The Lady and Sons: So this is Food Network Southern queen, Paula Deen’s, touristy restaurant. One I wouldn’t write about if only it wasn’t a quintessential, fatty, delicious Southern meal. It requires a separate story just to describe securing a table: long early morning lines just to get a same-day reservation (the only way to get a table), then come back later at your reservation time for a “cattle call” from the “Come and get it!” lady, before getting literally sick over buttery, heavenly food in massive portions: hoecakes, garlic cheese biscuits, fried green tomatoes, chicken pot pie (with huge phyllo mountains atop), dense crab cake, rice and beans cooked in ham hocks.
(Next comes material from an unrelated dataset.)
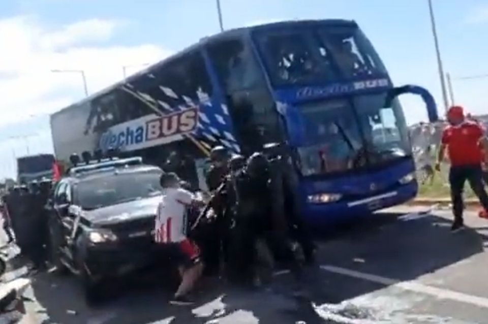 Se armó también una fila india en estilo caravana con bocinas y todo el colorido, pero en un momento apareció la tensión con la intervención de la policía. Por lo que se pudo saber, la idea era disipar para el que el micro en una parte ya viaje solo. Ahí, se dieron intercambios de acciones, donde un efectivo habría disparado balas de goma.

It’s ‘heart attack central’… and worth it!

Drinks in Savannah

Planters Tavern

Planters Tavern

Planters Tavern:
Planters Tavern, in the Olde Pink House’s basement - For drinks and live jazz, this tavern, in a 1771 pink (!), colonial British house, is sheer magic, with its low-ceiling, fireplaces on either end of the room, brick, wood and antique furnishings. We sat on a couch by the fire listening to local legend, Gail Thurmond, who’s been playing almost nightly over 15 years. A local book describes her as “endearingly elegant”, but I’d say, rather, ‘endearingly quirky’, her vocals incongruent with her appearance. She’s gray-haired, with the look of a Midwest mom, except for shaded heart-shaped glasses and a red dress belying inner sass. Her voice flows in soothing, clear waves; her piano-stylings completely her own. I could have watched her all night. I did spend a memorable couple hours savoring Gail’s unique interpretations of some favorite jazz standards plus jazz renditions of Beatles and other rock tunes. She had a hilarious way of raising her fingers when she’d receive applause: if she raised two fingers (gazing out over her glasses), it was with a smile and nod as if to say “Thank you, kindly”. When she raised one finger, she had a serious look as if to say: “Hold off – I’m not done”, or “Wait…” Oddly delightful, this cozy cellar tavern remains fondly preserved in my memory.

Casmir's Lounge

Casmir's Lounge

Casmir’s Lounge: Casmir’s Lounge, upstairs in The Mansion at Forsyth Park – A stunning, historical mansion (now chic hotel) of grand staircases, chandeliers, ridiculously high ceilings… like an art museum full of grand, eclectic paintings, decorated with tactile velvet, fur, marble, gold, leopard prints, reds, purples. Each room proclaims itself: lush, striking… sensual! I heard a superb jazz quartet here: trombone led, with drums, upright bass and a brilliant, young pianist. Half white/half black, the band had chops AND style. There was an elegant patio outside off the Lounge, packed with suited men smoking cigars. Downstairs is a Bosendorfer Lounge with three Bosendorfer pianos in a wood paneled, nautically modern bar with plush, brown couches.

Gryphon Tea Room

Gryphon Tea Room

Gryphon Tea Room: An epic 1800’s dining room with gorgeous stained glass ceiling, hip decor and impeccable teas and coffees. Great place to while away the hours writing or reading.